The year’s stock market volatility and continuing low interest environment may have nudged banks and B/Ds to consider offering FIAs as well as traditional FAs and MYGAs to conservatively-minded customers. Some of the newer FIA designs may have caught their eye too. For whatever reason, these two channels are now “on” to annuities.
New annuity approaches
Individual annuity product development saw quite a bit of activity in 2015. On the VA side, several carriers brought out or updated their investment-only VAs, which they are offering as an alternative to income-oriented VAs. But VAs with guaranteed income features are still available.
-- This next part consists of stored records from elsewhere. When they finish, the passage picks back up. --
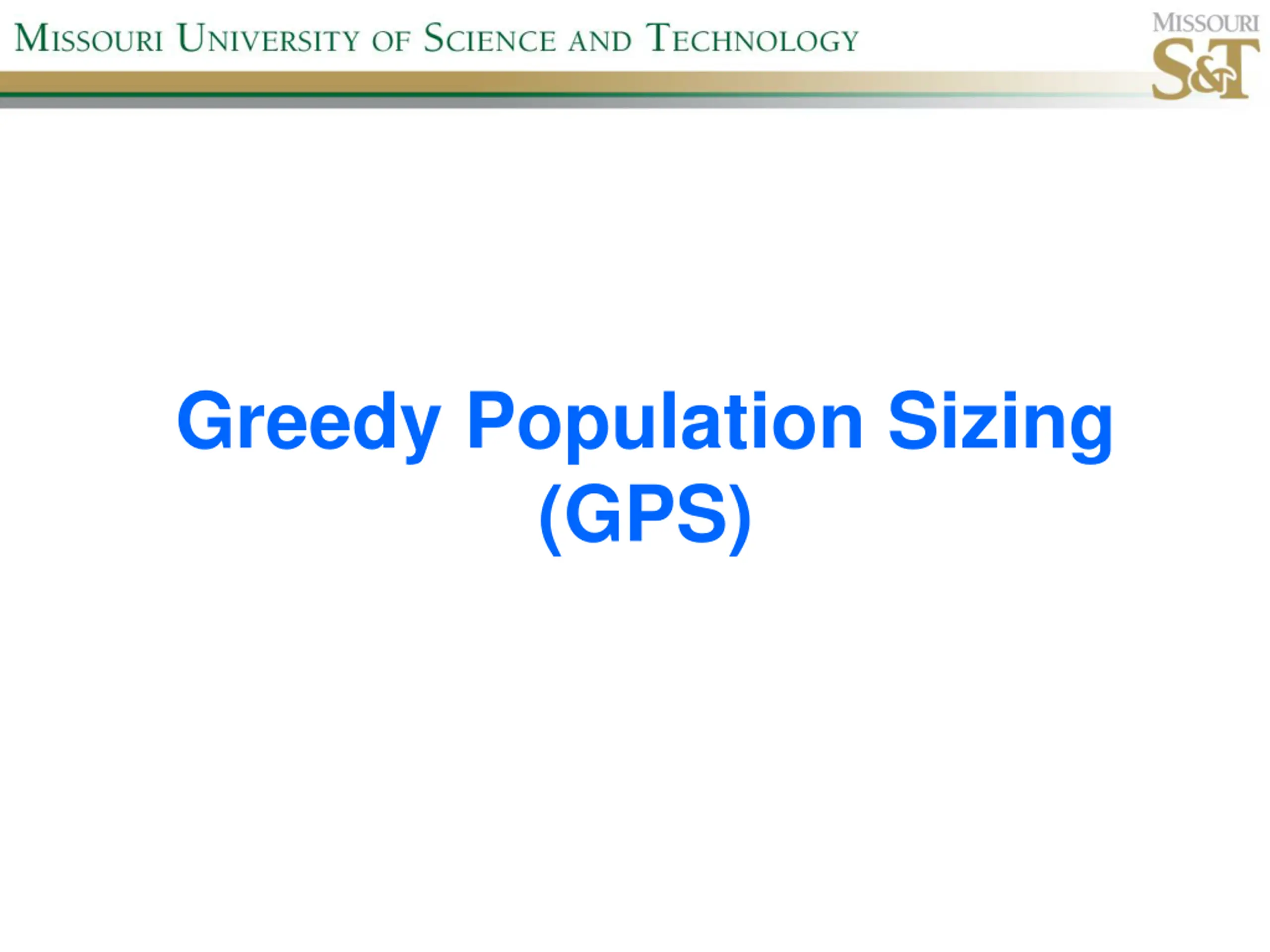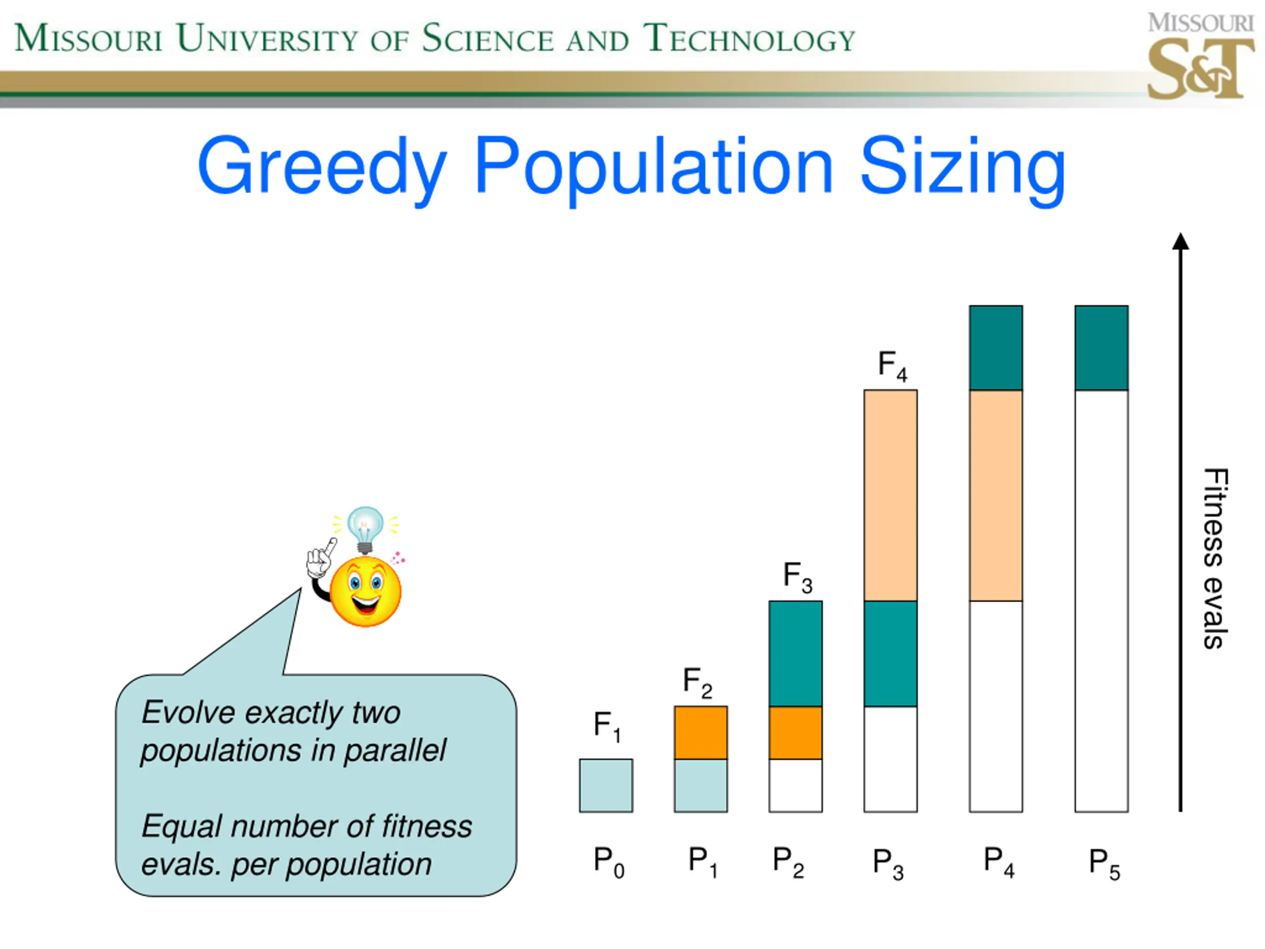 Greedy Population Sizing F4 Fitness evals F3 F2 Evolve exactly two populations in parallel F1 Equal number of fitness evals. per population P0 P1 P2 P4 P3 P5
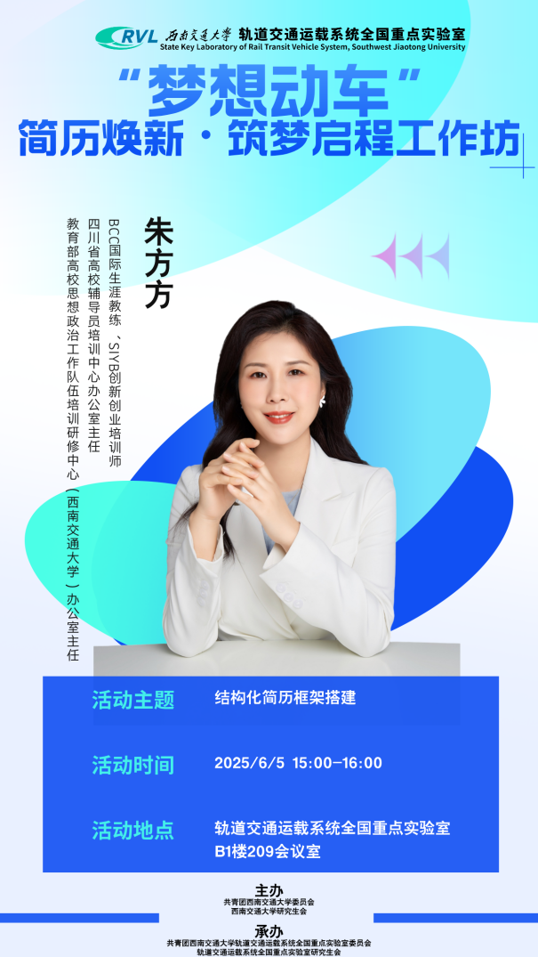 现举办“梦想动车”—简历焕新·筑梦启程工作坊活动,为同学们提供全方位的简历指导与修改建议。现将具体事宜通知如下:
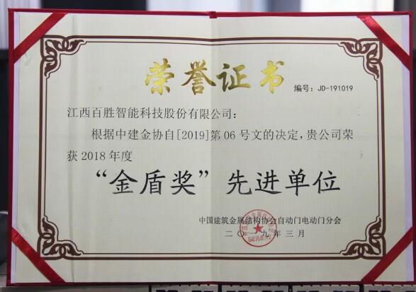 本次会议,江西百胜智能科技股份有限公司因杰出的行业贡献、突出的安全电压标准化工作而荣获:《安全电压开门机》团体标准主编单位、《户外电动门安全要求》团体标准主编单位、2018年度全国自动门电动门行业金盾奖。
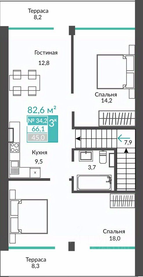 Продаются 3-комнатные апартаменты в строящемся доме (Корпус 9), срок сдачи: III-кв. 2024, общей площадью 82.6 кв.м., на 2 этаже. КУРОРТНЫЙ КЛУБ С ЗАБОТЛИВЫМ СЕРВИСОМ
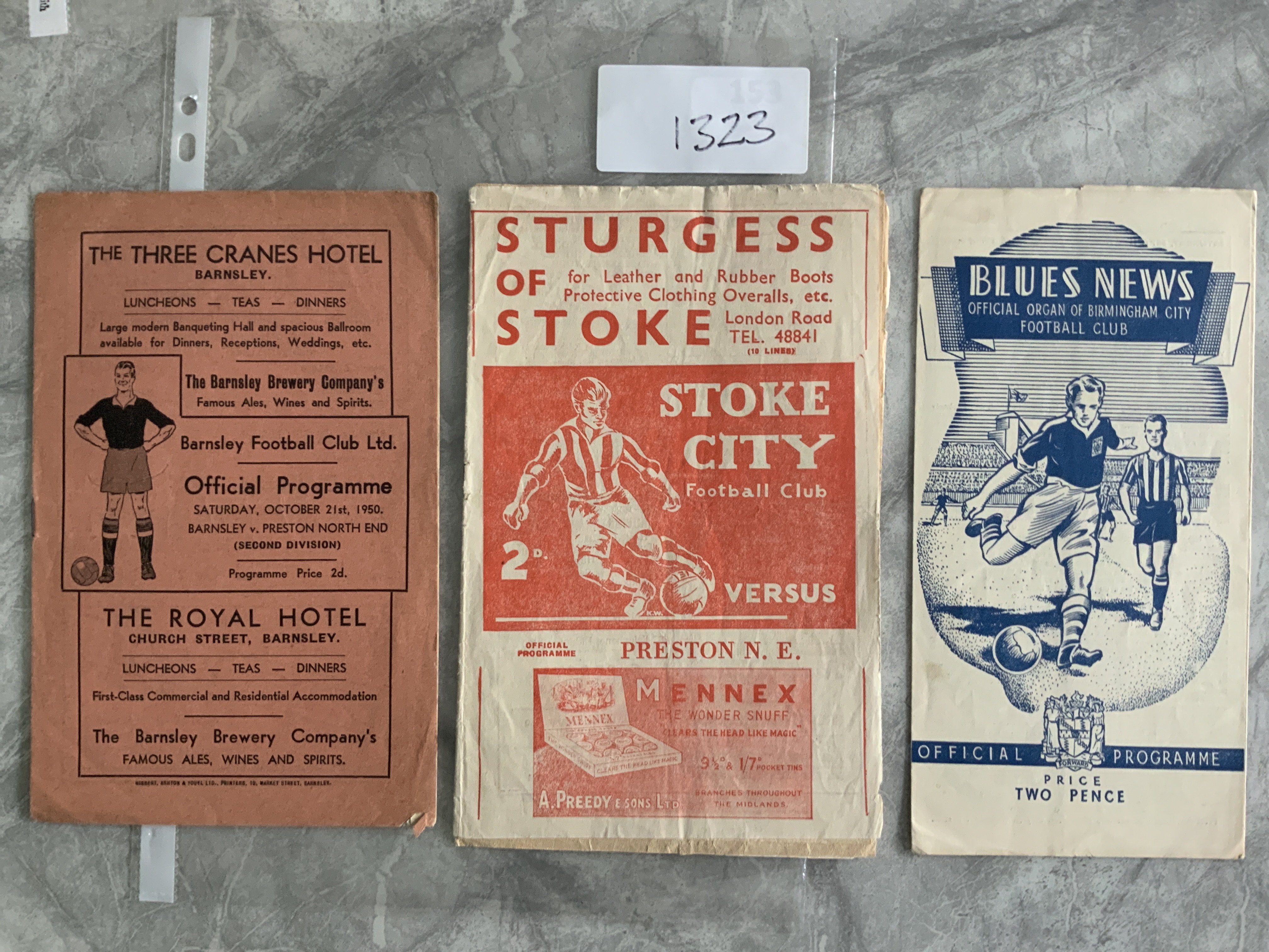 Preston Away Football Programmes: 48/49 Birmingham, 50/51 Barnsley, 51/52 Stoke. Good. (3)

In fact, a few VA carriers even brought out new income guarantee features this year, a clear nod to the fact that some VA buyers want both the VA’s upside potential and the income guarantee.
On the fixed side, the industry saw a profusion of managed volatility indices added to contracts. Wink reports that 27 companies now offer some such an index. Several FIA carriers added or updated guaranteed lifetime withdrawal benefits (GLWBs) too.
In both trends, the effect was to make the fixed products attractive to customers who want more certainty and less risk with their annuity account values and their annuity payouts.
A specialized form of DIA — the qualifying longevity annuity contract (QLAC) — started hitting the streets for the first time in early 2015. This followed last year’s Department of Treasury regulations permitting purchase of these longevity annuities within individual retirement accounts and defined contribution retirement plans such as 401(k)s. When those regulations came out in July 2014, no such DIA even existed. But by November 2015, there were 11 carriers in this market, according to the LIMRA Secure Retirement Institute.
No industry sales data on QLAC sales has been published yet, but LIMRA is predicting that these sales will grow in 2016.
A word about DIAs in general (not just QLACs): Although actual sales in 2015 seem to be up and down, advisors definitely are working with the products. In the third quarter, for instance, 28 percent of advisor searches on the CANNEX income annuity database were for DIAs. That’s up from 24 percent one year earlier and from 12 percent the year before that. Moreover, searches on all types of income annuities on the database were up — by 24 percent — from the second quarter. This is significant because advisors do CANNEX searches when working with clients on income solutions.
In 2015, the annuity industry jumped into the fiduciary threat with both feet. It developed and sold products aimed at conservative buyers as well as those more interested in accumulation buildup. And it put a collective toe in the water on QLACs and DIAs, despite uncertainty about where these initiatives will go. So it was protecting, developing and risking at the same time.
In a year-end report on the retirement industry including annuities, the Insured Retirement Institute acknowledged that as 2016 approaches, the industry still faces headwinds such as volatility, low interest rates and the proposed fiduciary ruling.
However, the report also said, “The demographics remain favorable as the population continues to age and consumers continue to become more cognizant of the extent to which they are responsible for generating their own income in retirement. This is a positive demand factor that should continue to create favorable business conditions and spur continued innovation in product design, helping to offset some of the headwinds.”